Il casatiello tradizionale vesuviano è il rustico simbolo della Pasqua.
Il suo nome deriva da “caso”, cioè formaggio.
È un pane ricco, farcito con salumi e formaggi, decorato con uova intere incastonate nell’impasto.
Origine e simbolismo
Il casatiello rappresenta:
- abbondanza (salumi e formaggi)
- rinascita (le uova)
- fine della Quaresima
Nelle case vesuviane veniva preparato il Sabato Santo e portato nelle scampagnate di Pasquetta.

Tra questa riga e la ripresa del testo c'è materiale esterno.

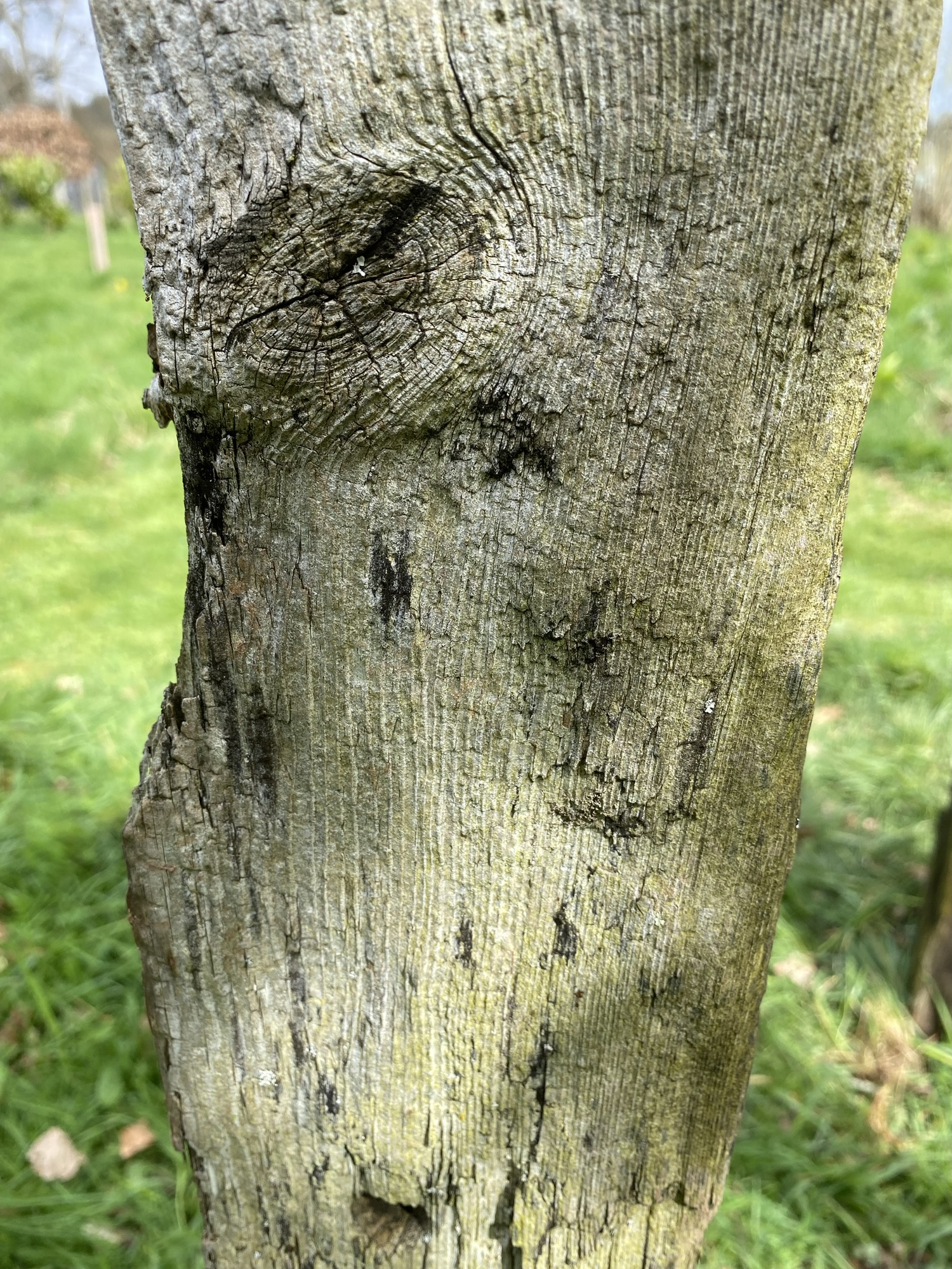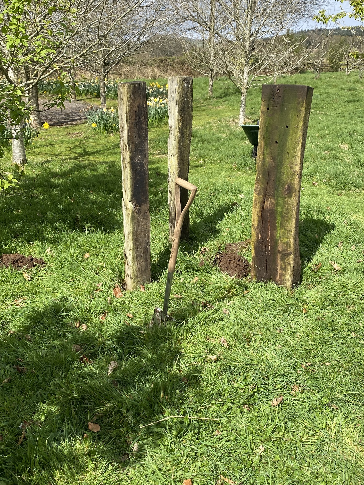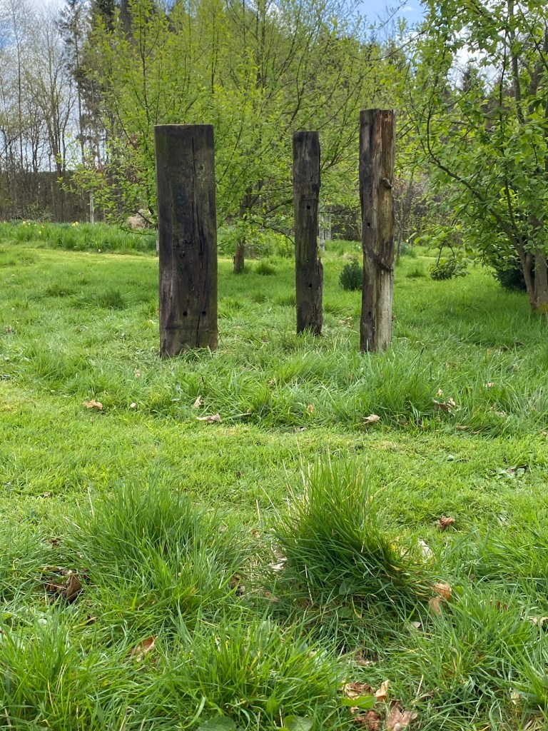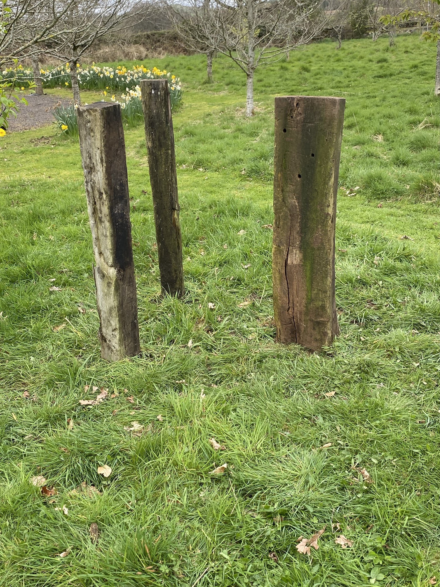 For reasons that will soon become clear, I suddenly realised that these three pieces of weathered, textured, drilled, and mossed timber might have potential for a garden installation. On a dry and intermittently sunny April morning, I therefore spent some time choosing a location for the idea, and eventually settled on a spot among wild cherry trees and close to the sandstone gatepost.

Ingredienti (stampo a ciambella)
Impasto
- 1 kg farina
- 500 ml acqua
- 25 g lievito di birra
- 150 g sugna
- 20 g sale
- Pepe q.b.
Ripieno
- 200 g salame
- 200 g provolone
- 100 g pancetta
- 4–5 uova intere
Preparazione tradizionale
Impasto
Sciogliere il lievito nell’acqua.
Unire farina, sugna, sale e pepe.
Impastare fino a ottenere un composto elastico.
Prima lievitazione
Lasciar lievitare 2–3 ore.
Farcitura
Stendere l’impasto, distribuire salumi e formaggi a cubetti.
Arrotolare e sistemare nello stampo.
Decorazione
Inserire le uova crude sopra, fermandole con strisce di impasto.
Seconda lievitazione
Far lievitare ancora 1–2 ore.
Cottura
Cuocere a 180° per circa 60 minuti.
Tradizione vesuviana
Ogni famiglia ha la propria versione: più pepata, più ricca o più morbida.